Authored by masakiarai on Sep 25 2020, 4:59 AM.

Details

Summary

Add Control Dependent DCE pass.

Add Control Dependent DCE pass.
This pass performs 'control dependent DCE', which converts a conditional
branch of BB into an unconditional branch if possible, when the basic block
BBa dominates BB and both basic blocks have conditional branches under the
same condition.

BBa:

%cmp = ...
br i1 %cmp, label %LA1, label %LA2

...

BB:

...
br i1 %cmp, label %LD1, label %LD2

The condition to apply this optimization is that the predecessors of BB is
divided into the set S1 coming from LA1 and the set S2 coming from LA2.
If S1(or S2) is empty, it rewrites the conditional branch to an
unconditional branch to LD2(or LD1).
If both S1 and S2 are not empty and BB can be duplicated, BB is duplicated
for S2, and each conditional branches in BB and the duplicated BB are
converted into unconditional branches for LD1 and LD2, respectively.

NOTE: This patch is a reconstruction of the following patch.
[Jump Threading] Convert conditional branches into unconditional branches using GVN results
https://reviews.llvm.org/D57953

This patch duplicates and holds the variables and functions related to TryThreadEdge in JumpThreading pass.
Therefore, it is necessary to create a patch that makes these duplicates into a library before committing this patch.

Diff Detail

Event Timeline

masakiarai created this revision.Sep 25 2020, 4:59 AM
Herald added a project: Restricted Project. · View Herald TranscriptSep 25 2020, 4:59 AM
masakiarai requested review of this revision.Sep 25 2020, 4:59 AM
xbolva00 added a subscriber: xbolva00.

I corrected the description in alphabetical order in InitializePasses.h.

Test duplicate-conditional.ll succeeds in my local build.
I will investigate this as it may be a severe bug.

I guess I missed the initial conversation on this, apologies for that.
Can you explain in more detail why this is as standalone pass.
DCE, in general, is something I would like us to do more aggressively in the IPO setting so I'm a little worried to introduce more function passes.
Also, IPSCCP seems to perform well on one test cases already https://godbolt.org/z/sM9zr8 , maybe the second one is not far out of reach (@fhahn?)
We also have other places where we do this kind of reasoning and that could do the job, hopefully in a more holistic manner.
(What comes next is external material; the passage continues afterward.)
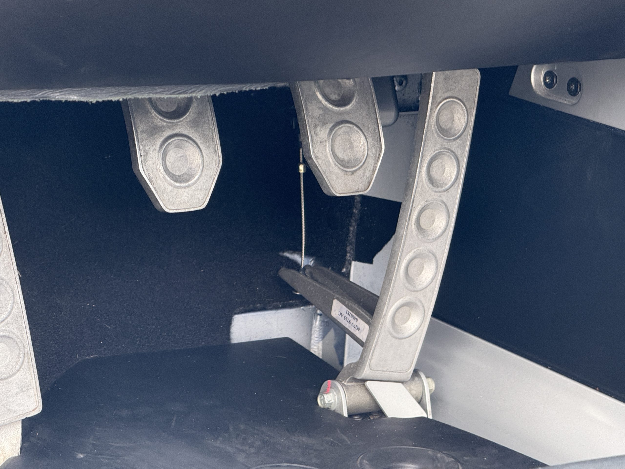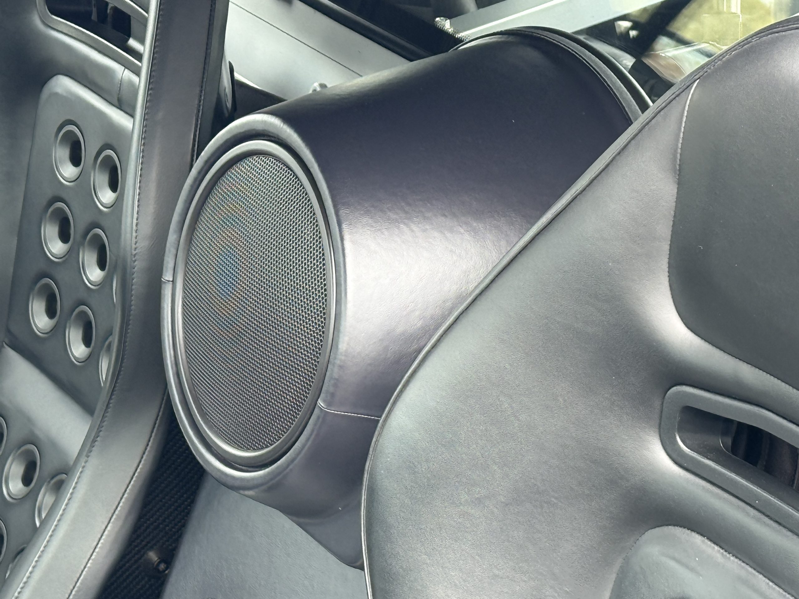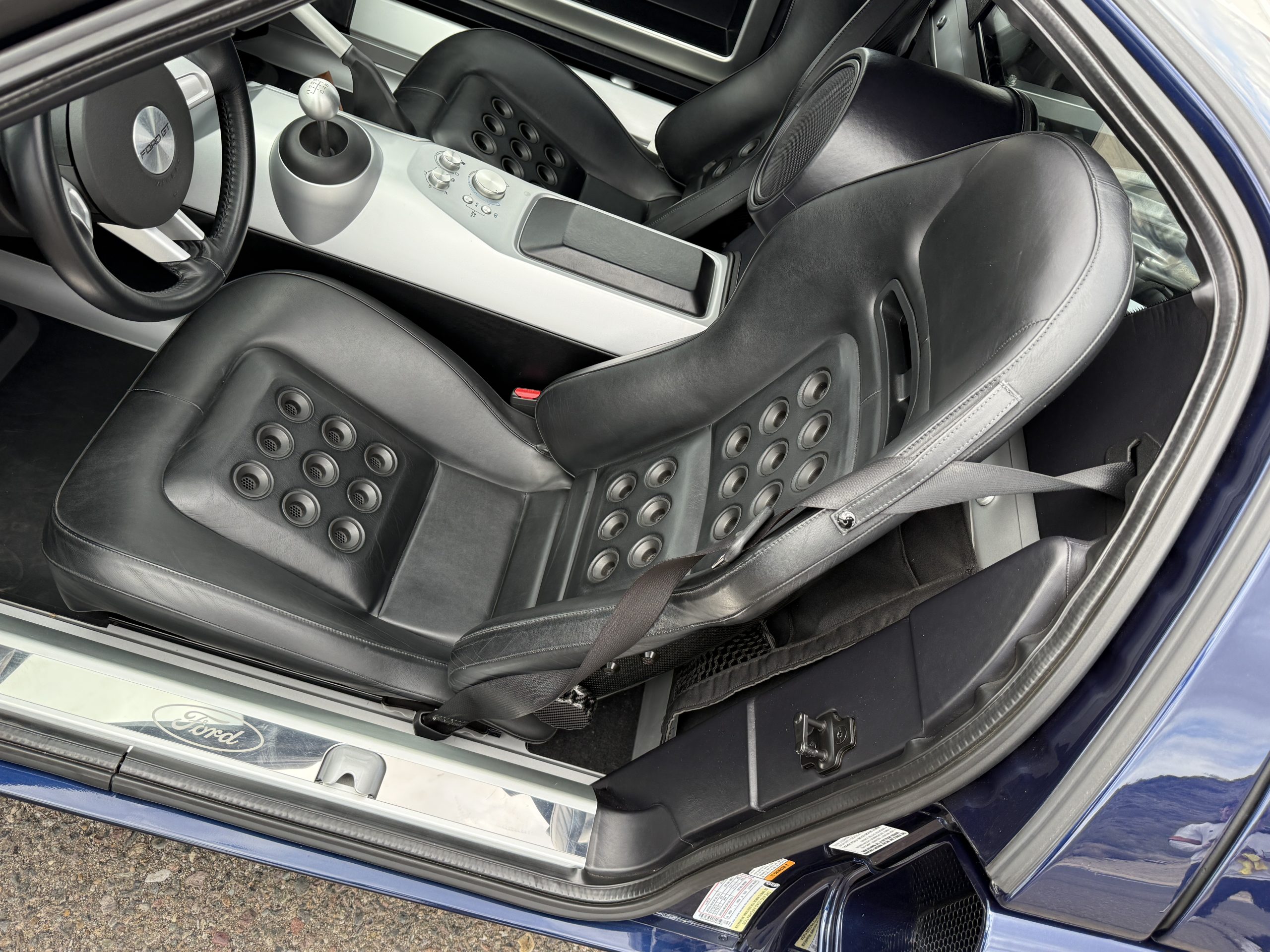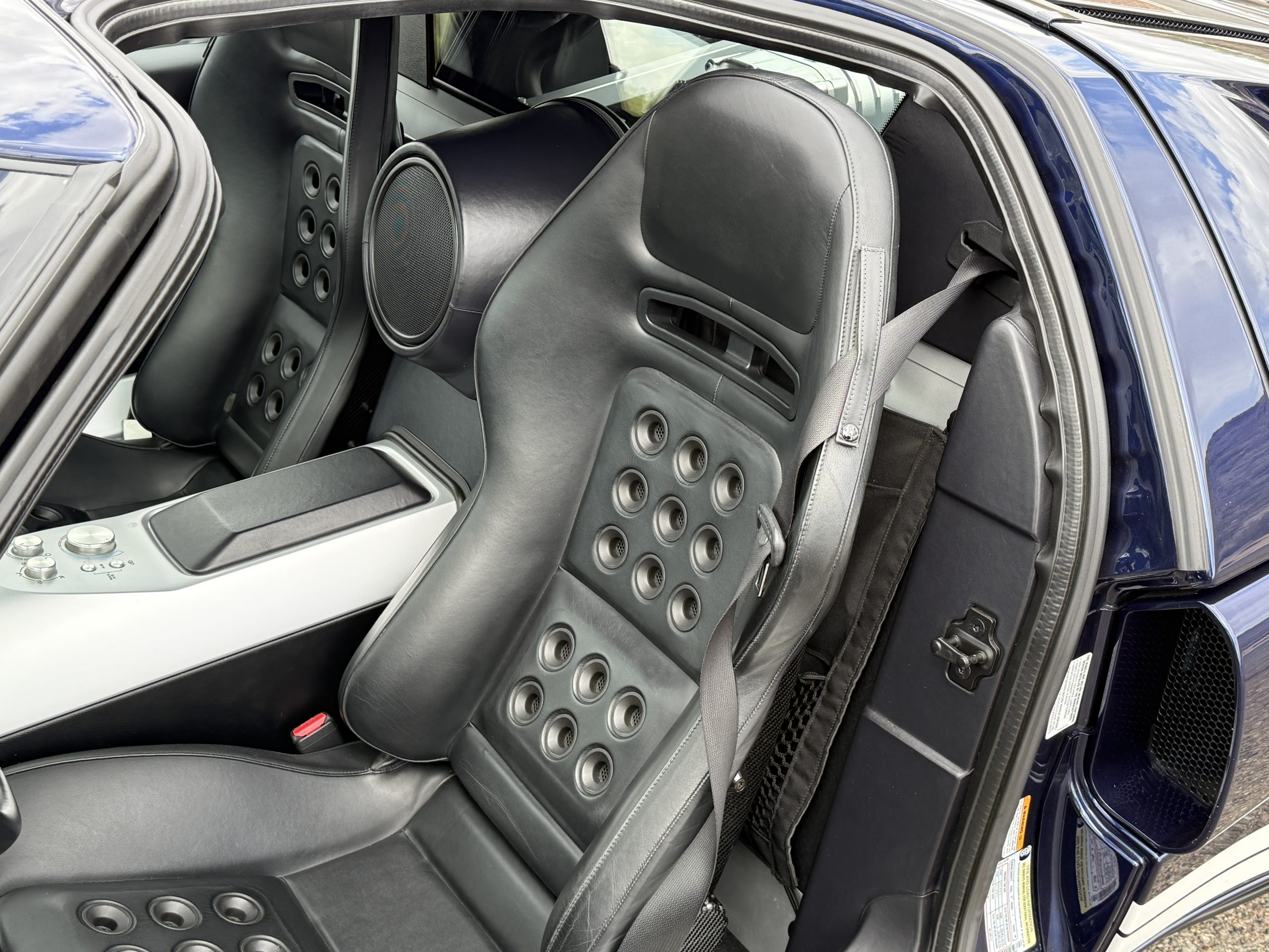 The cockpit is trimmed in Ebony leather, and rubber mats cover bare aluminum floors. Manually adjusted seats were designed by Sparco and feature carbon-fiber shells with GT40-style ventilation grommets and harness slots. The console on the center tunnel houses rotary climate controls, and amenities include a McIntosh CD stereo, air conditioning, remote keyless entry, and push-button ignition.

Considering only the DCE's feature, I think the ADCE pass is close to this pass's purpose.
The big difference between this pass and others is that this pass duplicates the basic block to isolate the control flow.
This feature can promote loop optimizations by isolating the control flow that does not enter loops out of the kernel part when there is a sequence of multiple loops in numerical applications.
However, this first version duplicates basic blocks only in the conservative case where the performance is definitely improved.
This pass needs to duplicate basic blocks more aggressively and selectively to facilitate loop optimizations.

Considering only the DCE's feature, I think the ADCE pass is close to this pass's purpose.
The big difference between this pass and others is that this pass duplicates the basic block to isolate the control flow.
This feature can promote loop optimizations by isolating the control flow that does not enter loops out of the kernel part when there is a sequence of multiple loops in numerical applications.
However, this first version duplicates basic blocks only in the conservative case where the performance is definitely improved.
This pass needs to duplicate basic blocks more aggressively and selectively to facilitate loop optimizations.
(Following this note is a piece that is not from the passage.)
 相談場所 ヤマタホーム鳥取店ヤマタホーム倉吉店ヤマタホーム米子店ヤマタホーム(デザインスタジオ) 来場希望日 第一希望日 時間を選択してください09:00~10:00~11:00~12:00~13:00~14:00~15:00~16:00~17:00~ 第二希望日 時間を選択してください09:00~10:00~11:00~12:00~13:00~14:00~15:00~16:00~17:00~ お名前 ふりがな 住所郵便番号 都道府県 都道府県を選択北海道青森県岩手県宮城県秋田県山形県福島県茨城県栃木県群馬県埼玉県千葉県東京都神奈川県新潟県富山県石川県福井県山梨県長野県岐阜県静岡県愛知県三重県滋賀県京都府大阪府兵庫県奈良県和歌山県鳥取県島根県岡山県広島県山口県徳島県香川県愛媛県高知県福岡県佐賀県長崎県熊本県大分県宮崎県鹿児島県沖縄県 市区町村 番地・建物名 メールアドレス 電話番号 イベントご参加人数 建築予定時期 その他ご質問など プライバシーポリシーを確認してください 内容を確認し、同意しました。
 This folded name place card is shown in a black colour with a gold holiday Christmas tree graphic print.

OK. This does not get across from reading the tests. I usually use the update scripts to generate check lines but whatever you prefer should include enough check lines and comments to that this becomes obvious.

That said, I still am not convinced this is best implemented in a new pass. Isn't the idea here that we have the value of a branch condition available for a subset of the incoming paths? That sounds like it would compose well with other ways through which we can know the value of a conditional for a subset of the incoming paths w/o having multiple branches with the same condition:

if (a) 
  assume(cond == 0);
if (cond) {
...
} else {
  ...
}

That said, I still am not convinced this is best implemented in a new pass. Isn't the idea here that we have the value of a branch condition available for a subset of the incoming paths? That sounds like it would compose well with other ways through which we can know the value of a conditional for a subset of the incoming paths w/o having multiple branches with the same condition:

I'm sorry that the explanation of the purpose of this pass is not clear.
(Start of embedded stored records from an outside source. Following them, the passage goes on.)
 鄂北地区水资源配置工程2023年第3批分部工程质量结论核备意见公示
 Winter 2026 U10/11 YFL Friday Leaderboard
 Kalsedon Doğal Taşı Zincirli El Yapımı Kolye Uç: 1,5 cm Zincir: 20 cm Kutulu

By classifying the values that reach a basic block's entry, you can generally apply optimization by duplicating the basic block and deleting the conditional branch instruction.
If you use the variables referenced by the comparison instruction instead of the condition code, you will have more optimization opportunities than in this version of the implementation.
I think GVN should implement such optimizations.

The following cases may be beyond the functionality of GVN-related passes.

  Ba
 / \
X   Y
 \ /
  R
  |\
  | \
  B
 / \
T   F

In this case, by duplicating R, there is an opportunity to delete B's conditional branch instruction.
R may not be a single basic block, but a code region containing loops.
If it's better to create a version that includes this implementation before proposing, I'll update the patch with code that includes it.

I released this revision because I confirmed that this had been applied to test-suite benchmarks in the case of hundreds or more.

Test duplicate-conditional.ll succeeds in my local build.
I will investigate this as it may be a severe bug.

I fixed this bug and updated the patch.

The cause of the bug was referencing an uninitialized variable, which was in the code copied from JumpThreading pass did not adequately incorporate its update.

dexonsmith resigned from this revision.Oct 6 2020, 3:18 PM